For second-class mobile web apps, maybe. But for high-performance native
mobile apps that don't waste battery life on interpretation or JIT
compilation, plus the overhead of bridging to the native APIs, a dynamically
typed language like JavaScript is a bad fit. On iOS, Objective-C has always
been compiled ahead-of-time to native code, and so is Swift. Android 5.0
introduced AOT compilation with the Android Runtime. And Windows Mobile has it
too, with both C++/CX and .NET Native. Conclusion: All three major mobile
platforms prefer AOT compilation, which AFAIK isn't feasible with JavaScript.

------
carsongross
I do not agree.

1) Web Assembly will make the programming language you use on the front-end an
open choice in web development (and, eventually, mobile). Javascript has very
poor support for disciplined management of large codebases, and will
eventually be abandoned for more sane languages.

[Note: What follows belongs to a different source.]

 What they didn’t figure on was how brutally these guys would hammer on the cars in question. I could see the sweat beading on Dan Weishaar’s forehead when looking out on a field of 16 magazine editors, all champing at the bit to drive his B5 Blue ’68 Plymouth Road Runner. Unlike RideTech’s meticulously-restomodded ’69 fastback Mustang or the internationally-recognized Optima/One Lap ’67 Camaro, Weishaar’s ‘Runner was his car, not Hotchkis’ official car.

2) Technologies like intercooler.js
([http://intercoolerjs.org](http://intercoolerjs.org)) will minimize the
amount of javascript necessary for the majority of web development (and,
eventually, mobile) which will allow you to simply choose the best back end
technology for your project without concern for matching a front-end language.

------
ChicagoDave
TypeScript is probably a better long-term programming tool and is aligned with
future EMCA Script specifications.

Back-end I'm torn. I love Restify (Express without the web parts and just the
api parts). But I also like ASP.NET Web API a lot too. They both have sizable
benefits.

I think it's less about language though than architecture. Microservices and
user-driven UX is the future along with stakeholder-driven agile project
management.

------
vans
Ahah, nice joke :)

------
scandox
Hi, my name is __________ and I'm a mediocre programmer.

I've just kicked off the first 2 weeks of a significant project using only
Javascript. This was entirely my own choice. I knew I'd have to write a lot of
JS in the browser. So it made sense for me to bite the bullet and try to
become as good as I could at JS. Equally I had to make a choice that I
believed would work for my client in the medium-term, especially if I was not
able to continue with the project at a future date.

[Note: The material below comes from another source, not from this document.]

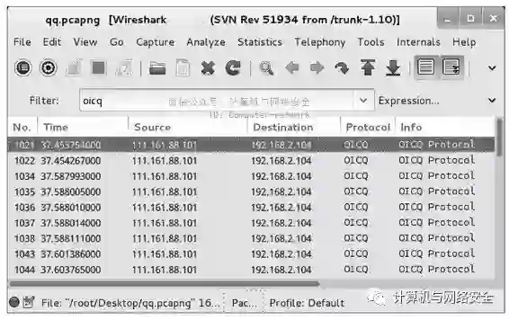 该界面显示了qq.pcapng捕获文件。由于QQ通信使用的是OICQ协议,可以使用OICQ显示过滤器来过滤器所有的OICQ包。qq.pcapng捕获文件过滤后,显示结果如图16所示。

This is my perspective (from the intellectual gutter): Javascript is hard to
read and hard to reason about. It's also hard to achieve a style that I am
entirely comfortable with. It's changing very fast. You learn things on the
backend that are years from being universally useable on the frontend. Also: I
seem to write _so many lines of code_.

That said I think I made the right choice. Ultimately the isomorphism argument
is correct: at least I'm reasoning about the same kinds of things every day. I
just came off 6 months of programming only Elixir and I could have used
Phoenix for the backend, but I think I would have found the constant shifts in
perspective very disruptive.

Which leads me to my main point: It isn't about the language.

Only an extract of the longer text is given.